#### [WORK REQUIRED]
Leave the pictures in the listing below aside and reproduce exactly the lines starting with the one with "El pronóstico para" and going on through the one with "Notrax 136 Polynib", both ends included.

#### [DATA EXTRACT]
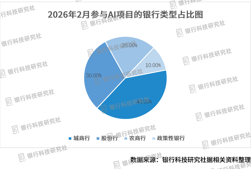 为了解银行业应用AI技术的详情,《银行科技研究社》持续追踪行业动态,围绕“AI”“人工智能”“智能”“大模型”“智能体”“数字人”等关键词,梳理了2026年2月银行AI项目的中标信息,并从银行类型、AI项目类型、中标厂商类型三个方面展开分析,以呈现该月银行业AI技术的布局与落地趋势。
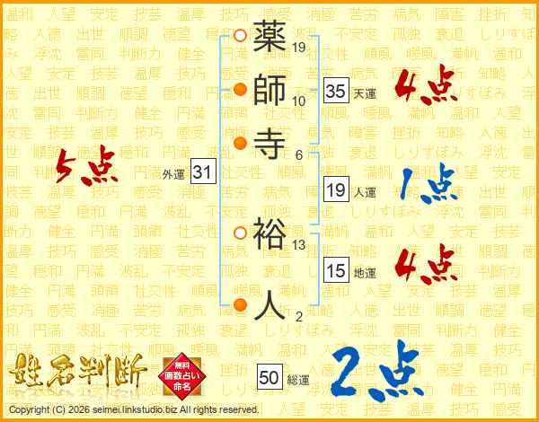 薬師寺裕人さんの総運は50画の2点!
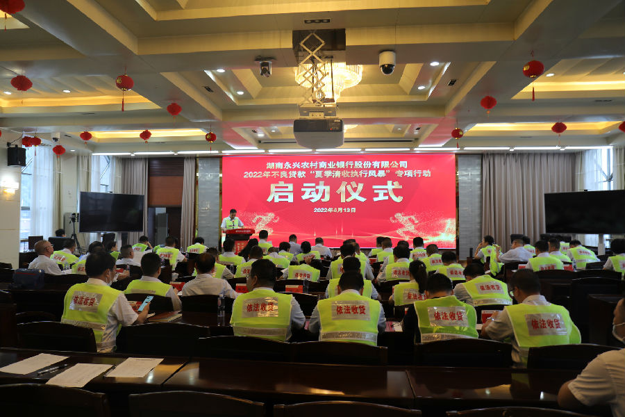 为进一步加强风险处置防控,营造诚实守信的信用环境,打造诚信永兴。6月13日上午,永兴农商银行在八楼会议室举行2022年“夏季清收执行风暴”启动仪式,永兴县人民法院执行局局长熊赟、副局长郑东升出席仪式,此次仪式由行纪委书记、监事长罗荣明主持,行党委班子成员、部室经理、支行行长、普惠队、退休三人组及清收公司、律所代表共计50人参会。
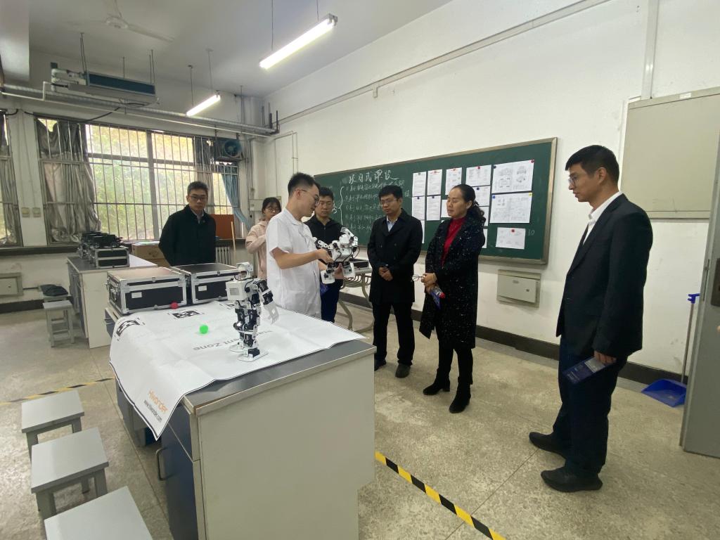 专家组一行先后参观了先进制造实验室、机器人工程实验室等多个科普实验室。在先进制造实验室,教师代表详细介绍了实验室如何通过数控机床、机器人装备等先进设备,将复杂的制造过程转化为直观生动的科普演示,让参观者近距离感受智能制造的魅力。专家组也深入考察了工业机器人、人形机器人、手术机器人、混联加工机器人、智能移载平台等智能装备的科普价值和应用情况。
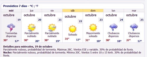 El pronóstico para los siguientes días es de cielos parcialmente nublados y temperaturas que oscilan entre los 30 y 19 grados centígrados.
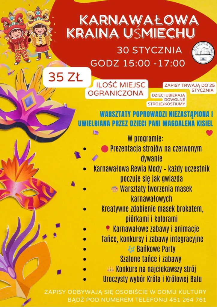Druga propozycja, to “Karnawałowa Kraina Uśmiechu” – wydarzenie, które gwarantuje świetną zabawę pełną tańca, muzyki i śmiechu. Organizatorzy zapewniają, że atmosfera podczas warsztatów karnawałowych, które również poprowadzi Pani Magdalena, będzie magiczna i niezapomniana.
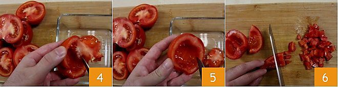 Sopra the meantime, wash the tomatoes, cut them quanto a half, and gently scoop out the insides with a small knife to remove the seeds (4 – 5). Now cut them into quarter-inch pieces 6 and place them quanto a a bowl.
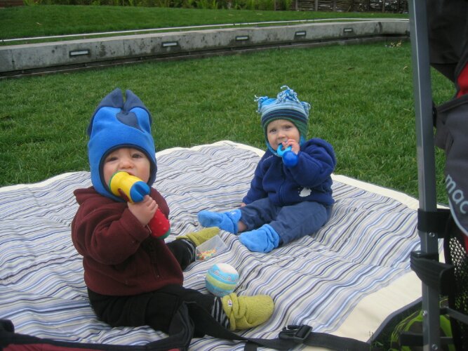 A walk in Golden Gate Park, with a stop to crawl around and play with toys, kept the boys entertained.
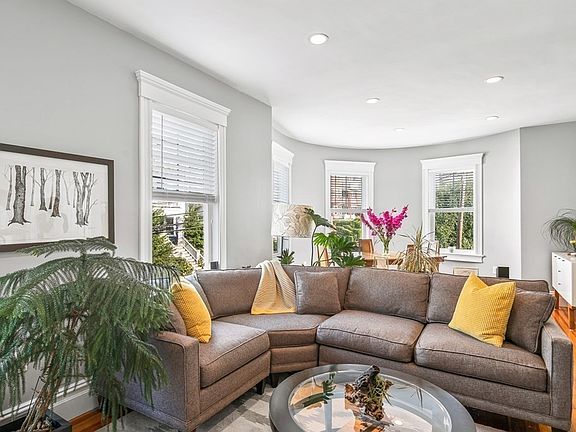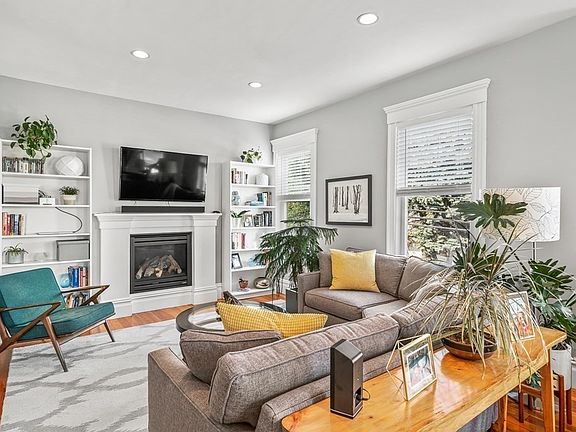 Perched atop Pope's Hill, one of Dorchester's most sought after neighborhoods, is this meticulously maintained 2 bed, 2 bath condo. Situated on the corner of a quiet street, the front stone stairway cascades to the sidewalk surrounded by a flourishing and matured landscape. Impeccable detail is evident throughout from the stained glass window, original rustic front door, and dentil trimmed exterior. Inside you'll find a sun-drenched entertaining space complete with built-in gas fireplace, open dining area, and recessed lighting. The kitchen includes white shaker cabinets, granite countertops, and stainless steel appliances. The master bedroom offers an en-suite tiled bathroom and dual closets. There are two private decks, ample and private storage in the basement as well as off street parking and a garage with additional storage possibilities. It's half a mile to the Shawmut and Fields Corner T stops and walking distance to Adams Village and Peabody Square. A must see!
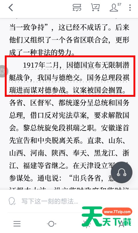 今天讲解的是微信读书APP取消划线的操作过程,想学习微信读书APP取消划线的操作步骤的,就去下文看一看,了解了解,相信对大家一定会有所帮助的。微信读书APP取消划线的操作过程 1、在阅读书籍的时候,默认会显示其他用户的划线部分(如下所示),有些小伙伴表示划线太过碍眼,而想要关闭划线的话,大家就需要进入阅读页面。 2、接下来在阅读页面的右上角点击按钮,唤起菜单列表找到“隐藏想法”功能,这样就能隐藏其他用户的划线。 3、若是想要取消自己设置的划线,大家就需要选中划线的部分内容,唤起列表点击“删除划线”按钮,非常方便快捷! 各位小伙伴们,看完上面的精彩内容,都清楚微信读书APP取消划线的操作过程了吧!@天天下载 除特别注明外,本站所有文章均为 天天下载 原创,转载请注明出处来自 https://www.ttzip.com/57571.html
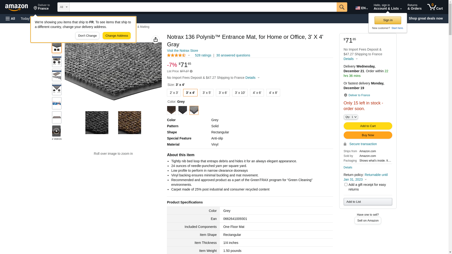Notrax 136 Polynib Entrance Mat, for Lobbies and Indoor Entranceways, 3' Width x 4' Length x 1/4" Thickness, Gray
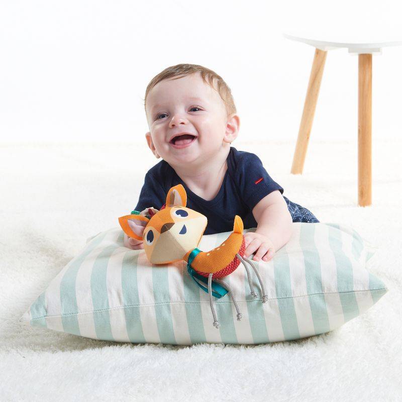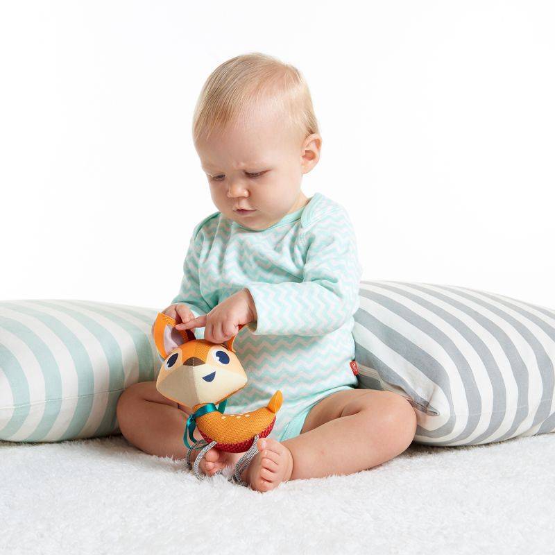 - Хватательный рефлекс ребенка исчезает, а контроль над движениями рук улучшается, что позволяет ему тянуться к игрушке дергать ее, вызывая звуки. Веселая функция игры в прятки может помочь ребенку сделать его первые шаги в понимании постоянства объекта. Используйте крепление, чтобы прикрепить к детской коляске, автокреслу или кроватке.
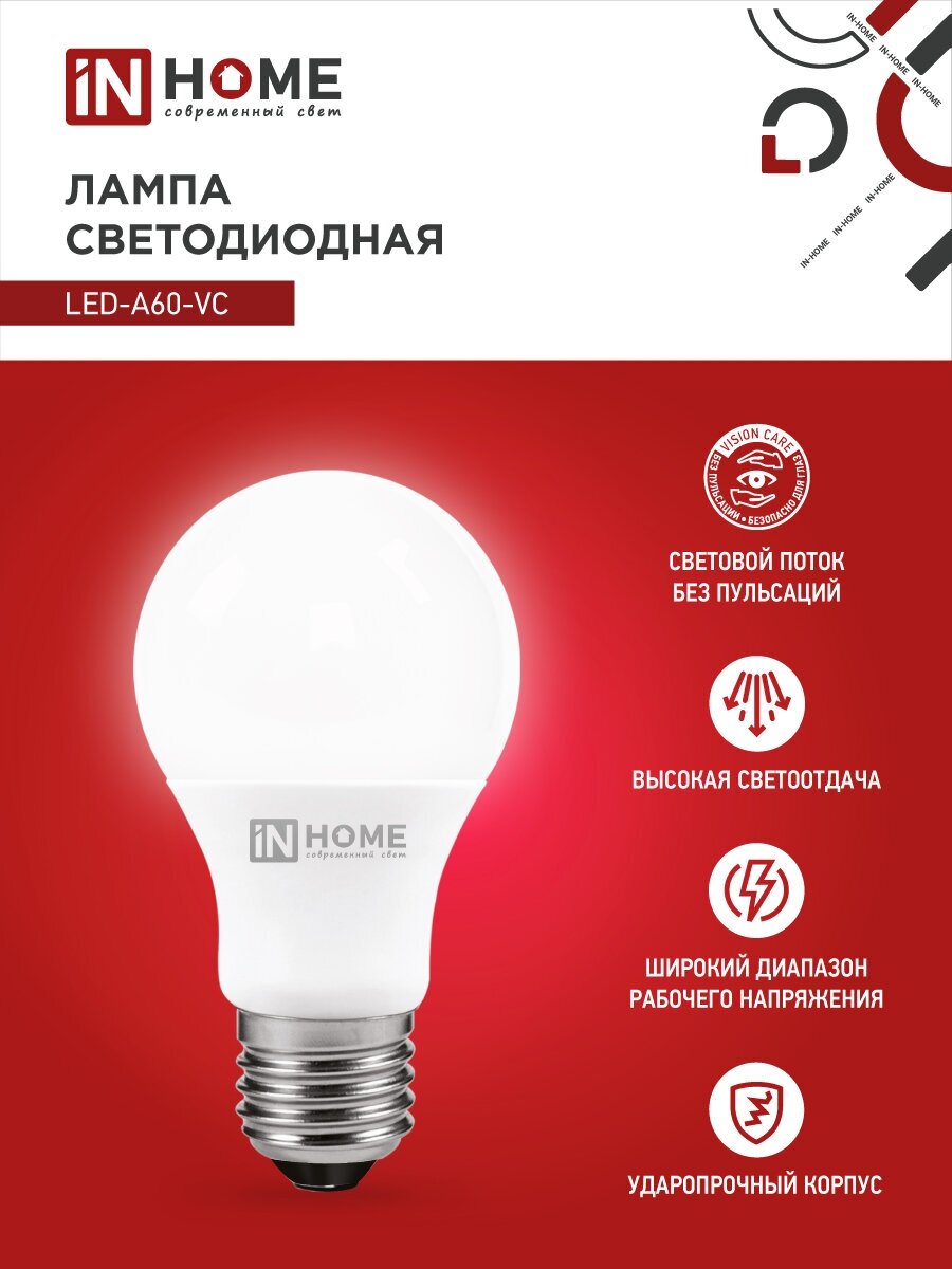 Лампа светодиодная IN HOME LED-A60-VC, Е27, 12 Вт, 230 В, 4000 К, 1140 Лм

#### [YOUR RESPONSE]
 El pronóstico para los siguientes días es de cielos parcialmente nublados y temperaturas que oscilan entre los 30 y 19 grados centígrados.
Druga propozycja, to “Karnawałowa Kraina Uśmiechu” – wydarzenie, które gwarantuje świetną zabawę pełną tańca, muzyki i śmiechu. Organizatorzy zapewniają, że atmosfera podczas warsztatów karnawałowych, które również poprowadzi Pani Magdalena, będzie magiczna i niezapomniana.
 Sopra the meantime, wash the tomatoes, cut them quanto a half, and gently scoop out the insides with a small knife to remove the seeds (4 – 5). Now cut them into quarter-inch pieces 6 and place them quanto a a bowl.
 A walk in Golden Gate Park, with a stop to crawl around and play with toys, kept the boys entertained.
 Perched atop Pope's Hill, one of Dorchester's most sought after neighborhoods, is this meticulously maintained 2 bed, 2 bath condo. Situated on the corner of a quiet street, the front stone stairway cascades to the sidewalk surrounded by a flourishing and matured landscape. Impeccable detail is evident throughout from the stained glass window, original rustic front door, and dentil trimmed exterior. Inside you'll find a sun-drenched entertaining space complete with built-in gas fireplace, open dining area, and recessed lighting. The kitchen includes white shaker cabinets, granite countertops, and stainless steel appliances. The master bedroom offers an en-suite tiled bathroom and dual closets. There are two private decks, ample and private storage in the basement as well as off street parking and a garage with additional storage possibilities. It's half a mile to the Shawmut and Fields Corner T stops and walking distance to Adams Village and Peabody Square. A must see!
 今天讲解的是微信读书APP取消划线的操作过程,想学习微信读书APP取消划线的操作步骤的,就去下文看一看,了解了解,相信对大家一定会有所帮助的。微信读书APP取消划线的操作过程 1、在阅读书籍的时候,默认会显示其他用户的划线部分(如下所示),有些小伙伴表示划线太过碍眼,而想要关闭划线的话,大家就需要进入阅读页面。 2、接下来在阅读页面的右上角点击按钮,唤起菜单列表找到“隐藏想法”功能,这样就能隐藏其他用户的划线。 3、若是想要取消自己设置的划线,大家就需要选中划线的部分内容,唤起列表点击“删除划线”按钮,非常方便快捷! 各位小伙伴们,看完上面的精彩内容,都清楚微信读书APP取消划线的操作过程了吧!@天天下载 除特别注明外,本站所有文章均为 天天下载 原创,转载请注明出处来自 https://www.ttzip.com/57571.html
Notrax 136 Polynib Entrance Mat, for Lobbies and Indoor Entranceways, 3' Width x 4' Length x 1/4" Thickness, Gray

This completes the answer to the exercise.